IDLE QUIESCENCE ENVELOPE -- src/bpf/main.bpf.c, src/bpf/intf.h, src/adaptive.rs, src/scheduler.rs

  • The v5.13.0 envelope re-adds onto the base's existing CoDel oscillator: a decayed disp^2+v^2 energy reservoir parks the oscillator at codel equilibrium when it settles -- pin the target, freeze the velocity integrator, stop the per-tick recompute -- until a rescue event or an equilibrium retune disturbs it. A Schmitt trigger on the energy (park below env_park, release at 2x) with a heartbeat valve. nr_osc_park lands as a stat with adaptive park: telemetry.

INTERACTIVE-WAITING PREEMPT -- src/bpf/main.bpf.c

  • The per-CPU tick preempt gated only on pcpu_enqueue_ns -- the per-CPU DSQ waiter -- and was blind to interactive_enqueue_ns, the shared node_dsq waiter.
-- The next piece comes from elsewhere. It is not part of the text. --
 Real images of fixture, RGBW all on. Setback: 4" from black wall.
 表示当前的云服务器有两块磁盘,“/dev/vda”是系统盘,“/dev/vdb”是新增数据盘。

An interactive task spilled to node_dsq under load forced no resident off its core, dispatch never ran, and the task starved behind a batch hog up to the 167ms net: the 116-195ms interactive-stall tail under mixed and long-run load. The v5.11->v5.12 boundary split one waiter signal in two and wired only the per-CPU half.
  • The fix restores v5.11.0's global interactive-waiting path keyed on the existing interactive_enqueue_ns, placed before the per-CPU early-return so it is reached: a BATCH resident held past preempt_thresh while a node_dsq interactive waiter is pending is preempted -- dispatch runs and STEP 2 drains the waiter (sojourn_gate_pass already keys on the same signal). BATCH residents only; interactive residents keep their protection.
  • Measured: long-run worst 153ms -> 2.6ms on the BPF arm at every width (2/4/8/16C), mixed worst 167ms -> 4ms, no preemption storm at 16 threads.
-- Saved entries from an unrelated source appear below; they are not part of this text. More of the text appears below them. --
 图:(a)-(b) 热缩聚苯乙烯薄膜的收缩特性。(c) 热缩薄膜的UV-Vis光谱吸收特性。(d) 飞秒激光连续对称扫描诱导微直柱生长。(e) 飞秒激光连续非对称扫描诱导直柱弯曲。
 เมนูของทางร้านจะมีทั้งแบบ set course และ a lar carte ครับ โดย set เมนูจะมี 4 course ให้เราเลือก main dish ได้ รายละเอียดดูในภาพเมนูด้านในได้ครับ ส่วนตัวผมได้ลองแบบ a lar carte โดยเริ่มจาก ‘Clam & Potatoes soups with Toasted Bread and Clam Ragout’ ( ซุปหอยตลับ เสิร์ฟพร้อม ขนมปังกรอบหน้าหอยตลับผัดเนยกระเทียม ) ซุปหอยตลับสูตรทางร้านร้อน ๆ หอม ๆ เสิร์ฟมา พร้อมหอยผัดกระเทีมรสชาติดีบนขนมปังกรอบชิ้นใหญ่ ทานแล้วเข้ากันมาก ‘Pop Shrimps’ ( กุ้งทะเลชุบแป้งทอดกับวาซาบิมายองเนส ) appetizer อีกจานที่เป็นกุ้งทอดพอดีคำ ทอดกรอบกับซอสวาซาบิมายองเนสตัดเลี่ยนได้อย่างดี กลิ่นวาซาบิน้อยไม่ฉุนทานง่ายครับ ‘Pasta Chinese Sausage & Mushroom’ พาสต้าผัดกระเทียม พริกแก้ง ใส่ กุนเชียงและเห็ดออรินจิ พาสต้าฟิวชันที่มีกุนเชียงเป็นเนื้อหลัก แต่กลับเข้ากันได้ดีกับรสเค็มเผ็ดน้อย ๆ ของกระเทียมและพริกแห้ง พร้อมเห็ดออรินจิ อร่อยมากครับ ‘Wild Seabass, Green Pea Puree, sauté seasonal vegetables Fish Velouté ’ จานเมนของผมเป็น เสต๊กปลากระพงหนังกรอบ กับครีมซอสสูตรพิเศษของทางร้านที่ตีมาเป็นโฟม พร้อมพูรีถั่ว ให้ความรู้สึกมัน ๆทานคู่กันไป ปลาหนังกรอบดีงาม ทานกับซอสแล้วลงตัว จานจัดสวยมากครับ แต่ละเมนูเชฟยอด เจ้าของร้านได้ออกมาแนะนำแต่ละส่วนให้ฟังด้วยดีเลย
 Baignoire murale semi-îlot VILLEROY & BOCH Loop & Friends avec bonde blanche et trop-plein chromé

V7.1 REENQUEUE GUARD REMOVED -- src/bpf/main.bpf.c

  • The SCX_ENQ_REENQ short-circuit added for the 7.1 cpu_release rework routed a reenqueued task straight to node_dsq with no kick, on the theory it broke a 7.1.1 reenqueue<->kick livelock. It moved nothing measurable on 7.0.13 and is removed: pandemonium_enqueue falls from the wakeup classify straight into Tier 1 as on the v5.12.0 base. cpu_release reenqueues unconditionally.
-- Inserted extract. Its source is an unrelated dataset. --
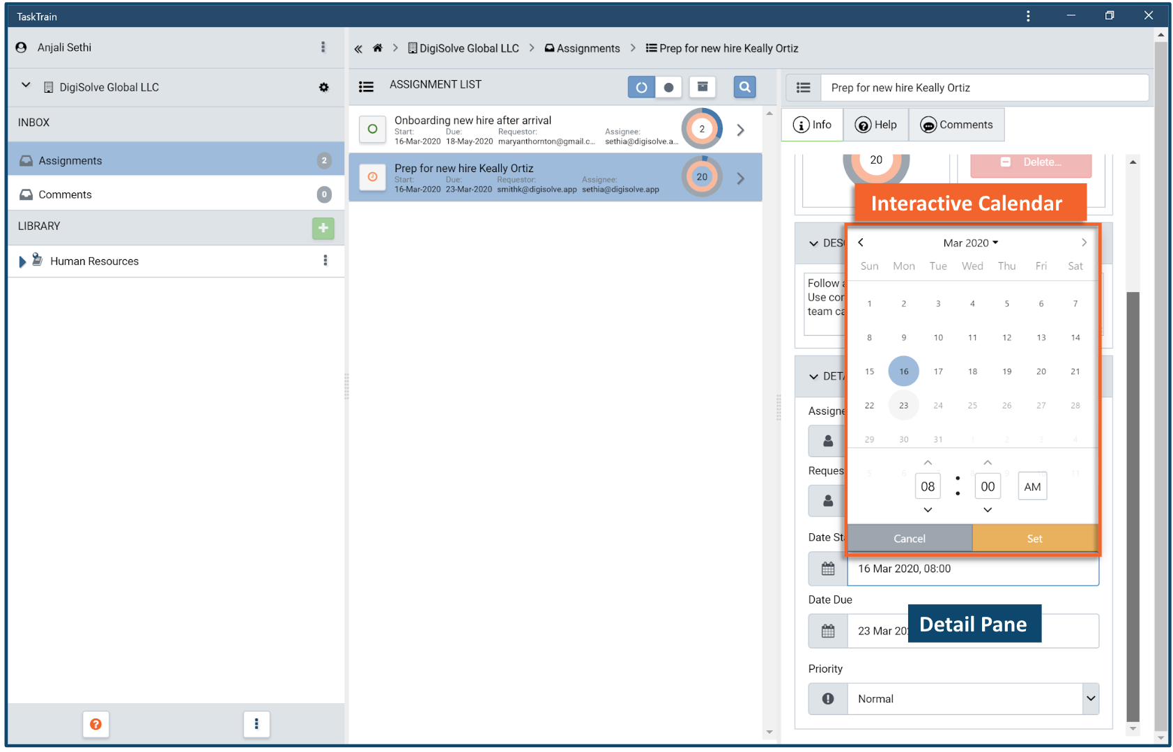 - Press the Set button to update the Date/Time Start or Date/Time Due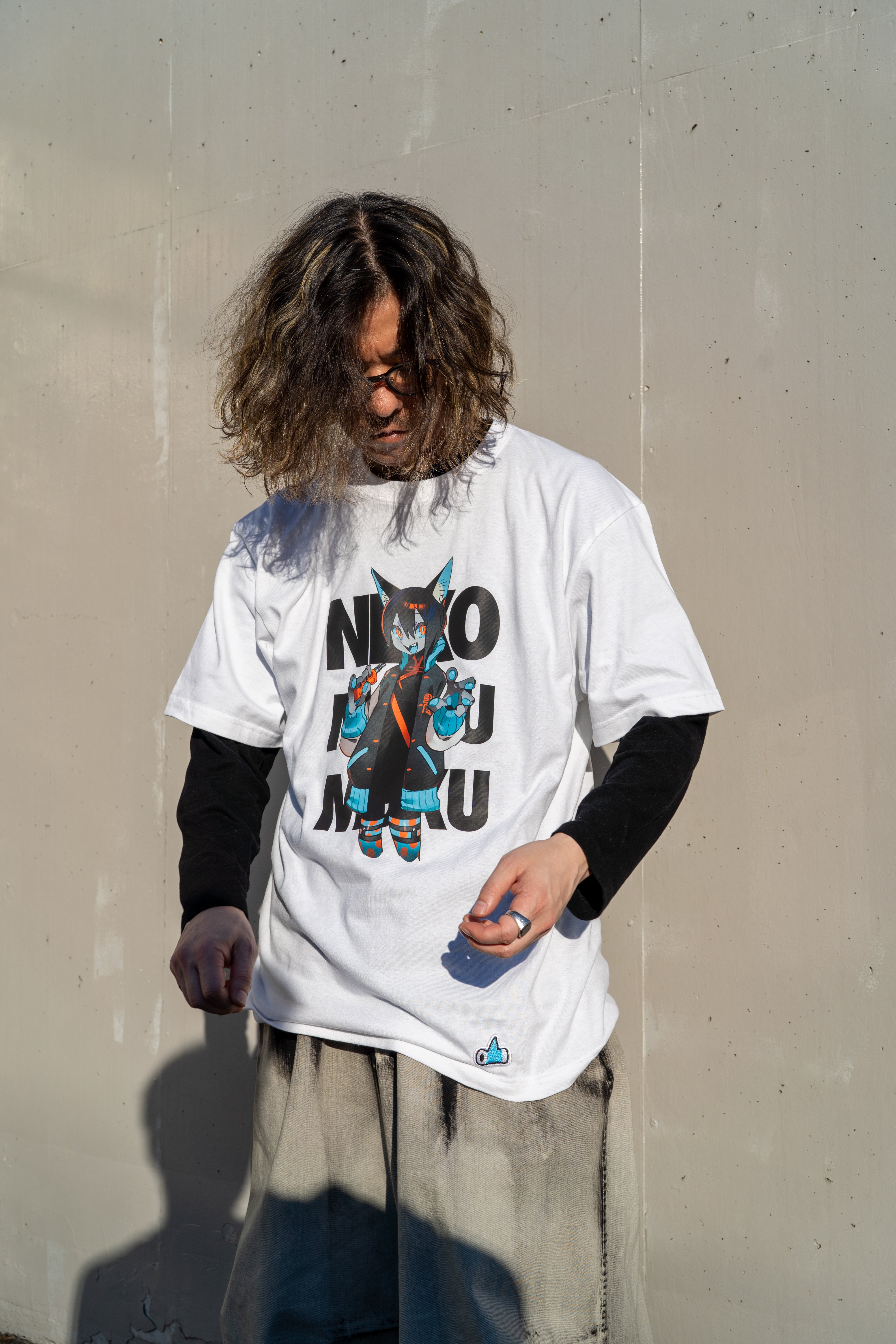[ネコモクモク]フルカラープリント&刺繍カットソー

SOJOURN UNIFICATION -- src/bpf/main.bpf.c, src/bpf/intf.h, src/tuning.rs, src/adaptive.rs

  • codel_thresh_ns renames sojourn_thresh_ns (the batch-DSQ rescue deadline, a Rust-set knob); the pcpu_sojourn_thresh local alias collapses into it.
  • codel_starve_ns renames starvation_rescue_ns (the ~100ms last-resort net, KEPT distinct from the ~6ms target band).
  • codel_seed_ns renames codel_target_equilibrium_ns (the R_eff x tau equilibrium the oscillator parks at; codel_eq_ns stays the feeding knob, the clamp preserved).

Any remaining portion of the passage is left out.